Орландо взмахнул рукой, пытаясь протолкнуть воздух в легкие через пробку мокроты, стукнул себя в грудь и закашлялся. Согнулся, ощущая прилившую к пульсирующему черепу кровь, сплюнул в медицинскую плевательницу.
– Я в порядке, – прохрипел он, вновь обретя возможность дышать. – Не хочу говорить. – Он нашарил на столике у кровати телематический разъем и вставил его в нейроканюлю.
– Вы точно в порядке? Могу разбудить ваших родителей.
– Не смей. Мне просто… приснился сон.
Бизли, почти ничего не знавший о снах сверх того, что можно отыскать в литературных и научных источниках, не ответил.
– Вас дважды вызывали. Хотите послушать сообщения?
Орландо прищурился на часы, выведенные в верхний правый угол поля зрения и светящиеся синим на фоне занавесок.
– Сейчас почти четыре утра. Кто вызывал?
– Оба раза Фредерикс.
– Чи син! Ладно, вызови его.
В окне появился широколицый сим Фредерикса, отчаянно зевающий, но тем не менее выглядящий встревоженно.
– Ну, Гардино, я уже решила, что ты меня сегодня не вызовешь.
– Так в чем дело? Ты не станешь мне помогать, да?
Фредерикс помешкал с ответом. Орландо ощутил в желудке булыжник.
– Я… я вчера поговорила кое с кем в школе. И мне рассказали про парня, вломившегося в какую-то местную административную систему… да и не вломился, он, собственно, а так… прощупал ее немного. Но его все равно вышвырнули из академии и сунули на три месяца в исправительную дыру для несовершеннолетних.
– И что? – Орландо на несколько секунд выключил свой голосовой канал и снова откашлялся. Вступление ему совершенно не понравилось. У него не хватит сил довести дело до конца в одиночку – неужели Фредерикс этого не понимает?
– А то, что… правительство и крупные сетевики теперь злые, как сволочи. И сейчас хреновое время, чтобы шарить по чужим системам, Орландо. Я не хочу… Понимаешь, мои родители… – Фредерикс смолк, и на бычьем лице его сима проявилась мрачная озабоченность. На мгновение Орландо возненавидел его. Или ее.
– А когда наступит подходящее время? Погоди, сейчас угадаю… Никогда?
– Да в чем дело, Орландо? Я тебя уже спрашивала: почему тот город – или что ты там увидел – для тебя настолько важен, черт подери?
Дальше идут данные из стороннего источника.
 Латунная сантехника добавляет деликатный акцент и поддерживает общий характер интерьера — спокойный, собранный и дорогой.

Ты ведь подписался несколько лет отработать на какую-то там компанию, так почему бы не разобраться с ним постепенно, понемногу?
Орландо криво усмехнулся – у «Индиго» столько же шансов дождаться, пока он отработает на них несколько лет, сколько – выжать кровь из бильярдного шара. Потом гнев внезапно испарился, оставив после себя напоминающую вакуум пустоту. Здесь, в своей темной комнате, всего в нескольких ярдах от родителей и с другом, ждущим ответа на другом конце линии, он неожиданно ощутил себя полностью и абсолютно одиноким.
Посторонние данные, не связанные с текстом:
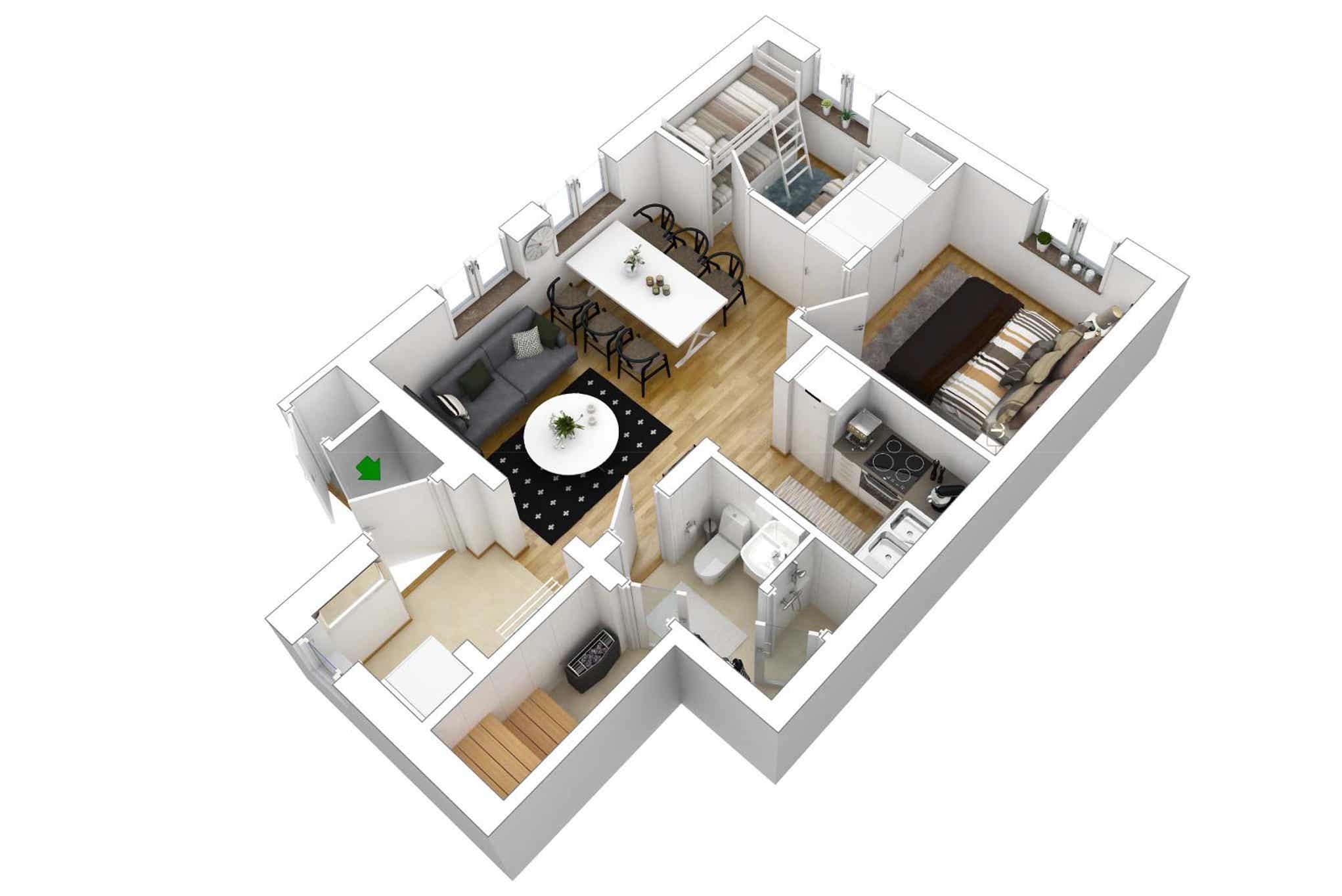 Timmerbyn ligt in Lindvallen. Appartement, 4+1 bedden, 46 m², woonkamer met gecombineerde keuken, 2 slaapkamers, 1 douche, 1 toilet, sauna.

– Я не могу объяснить, – тихо пробормотал он. – Или плохо смогу.
– Попробуй.
– Я… – Он набрал в грудь воздуха, прочистил горло. Когда дело дошло до сути, то оказалось, что объяснить ее никак нельзя. – Мне снятся сны. Я все время вижу во сне тот город. И… во сне я знаю, что в городе что-то есть… нечто важное… и я должен это отыскать. – Он снова судорожно вдохнул. – Обязан.
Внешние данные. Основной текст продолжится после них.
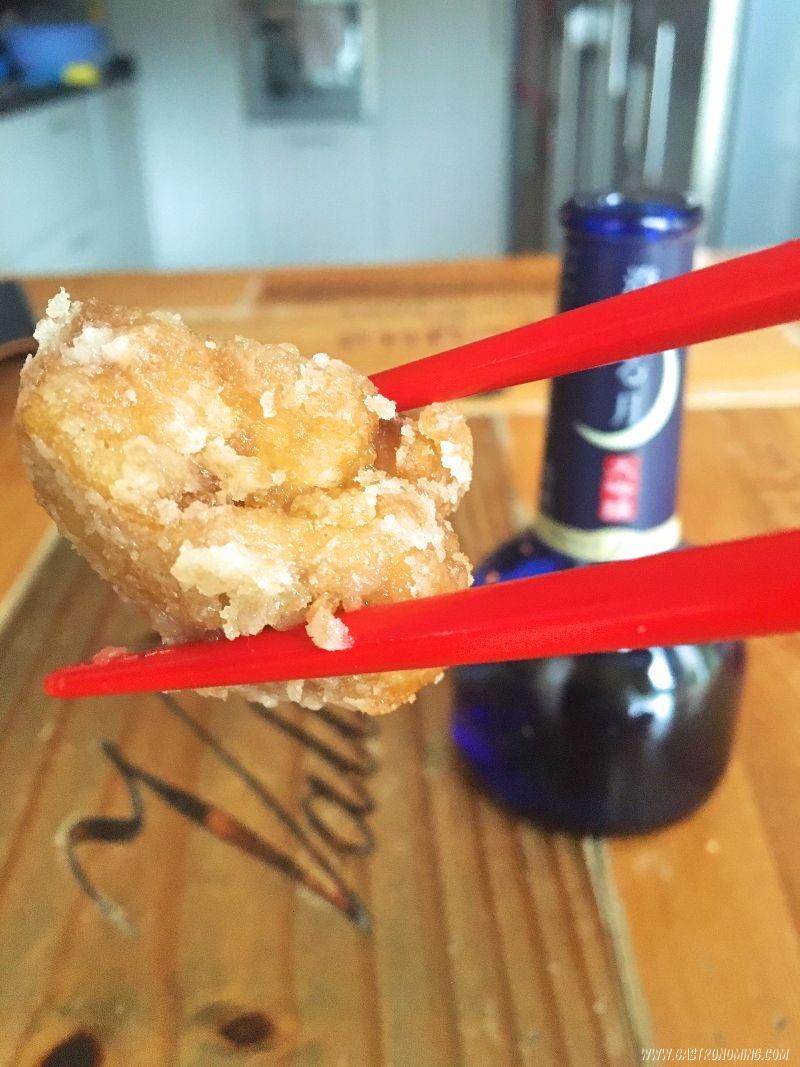 En ocasiones, hay quienes hacen la técnica de la doble fritura para hacer Karaage, primero se fríe con aceite a una temperatura de 90ºC. Se retira, se deja enfriar y se vuelve a freír a 200ºC. rápidamente para un crujiente mayor, no lo considero necesario ya que la fécula de patata lo deja crujiente de por sí, además, como son trozos muy pequeños y es pollo, muchas veces se puede sobre cocinar y secar. La fécula de patata o Katakuriko es un ingrediente fundamental, yo la prefiero por encima de cualquier otra cobertura, hay quienes la mezclan con un poco de harina común o incluso hacen una mezcla de 50%-50% y si no tienen esta fécula usan Maizena o fécula de maíz, no es igual, pero casi, ni modo, si no cuentas con la fécula de patata, ya podrás apañarte con una u otra, ¿No? Ahora bien, si no encuentras sake para cocina, bien podrías usar un vermú blanco o un vino blanco si no tienes otra opción y ahora que ningún japonés nos escucha, prueba mezclar la fécula de patata con algo de curry en polvo y a morir del gusto.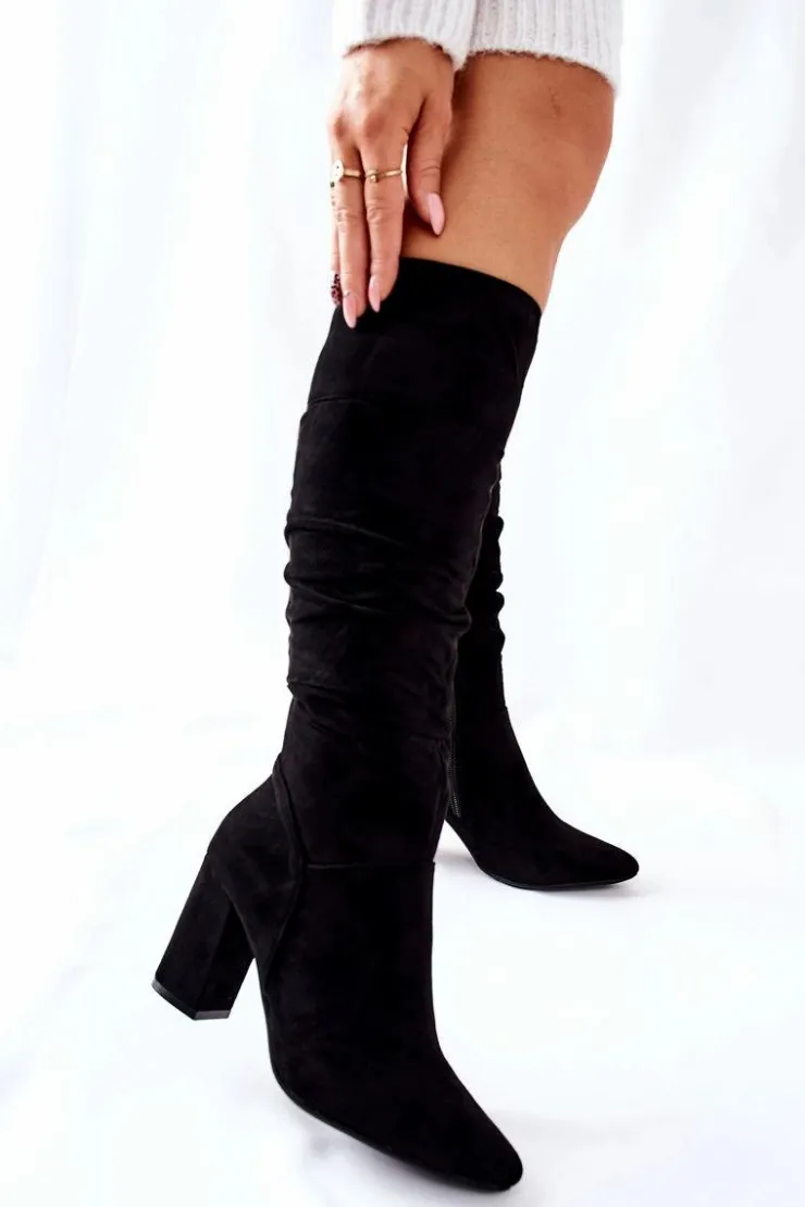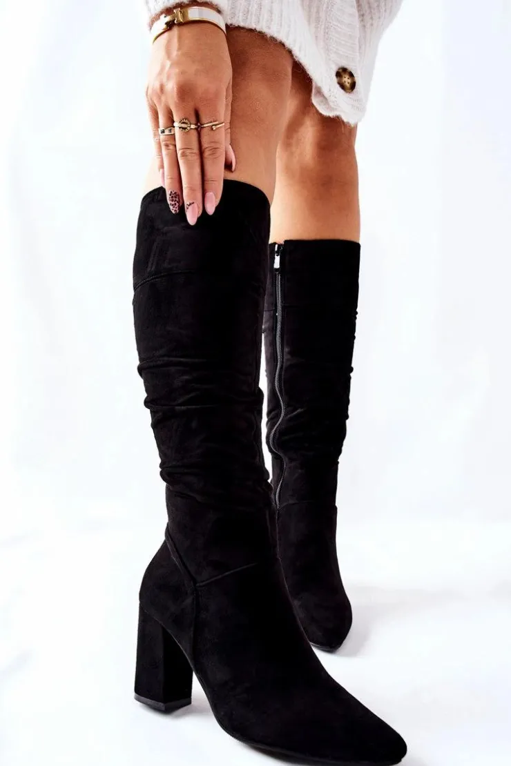 Piękne kozaki na słupku wykonane z zamszowej skóry ekologicznej. Buty osadzone na niewysokim słupku. Zapinanie z boku cholewki ułatwi zakładanie. Przy wyborze rozmiaru prosimy sugerować się tabelą rozmiarów.

– Но почему? Даже если ты и в самом деле… должен отыскать этот город, то к чему такая спешка? Нас ведь совсем недавно вышвырнули из Скворечника – может, выждем немного?
– Я не могу ждать. – Произнеся это, он осознал, что, если Фредерикс сейчас спросит, он расскажет все. Слова повисли в воздухе. Казалось, он видел их, точно светящиеся цифры часов.
– Не можешь ждать? – медленно проговорил Фредерикс, уловив что-то в его голосе.
– Я… мне недолго осталось жить. – Орландо словно публично разделся – сперва страх, потом нечто вроде свободы, от которой по коже бегут мурашки. – Я умираю. – Молчание настолько затянулось, что если бы Орландо не видел сим Фредерикса, то решил бы, что тот отключился. – Ну что молчишь, скажи хоть что-нибудь.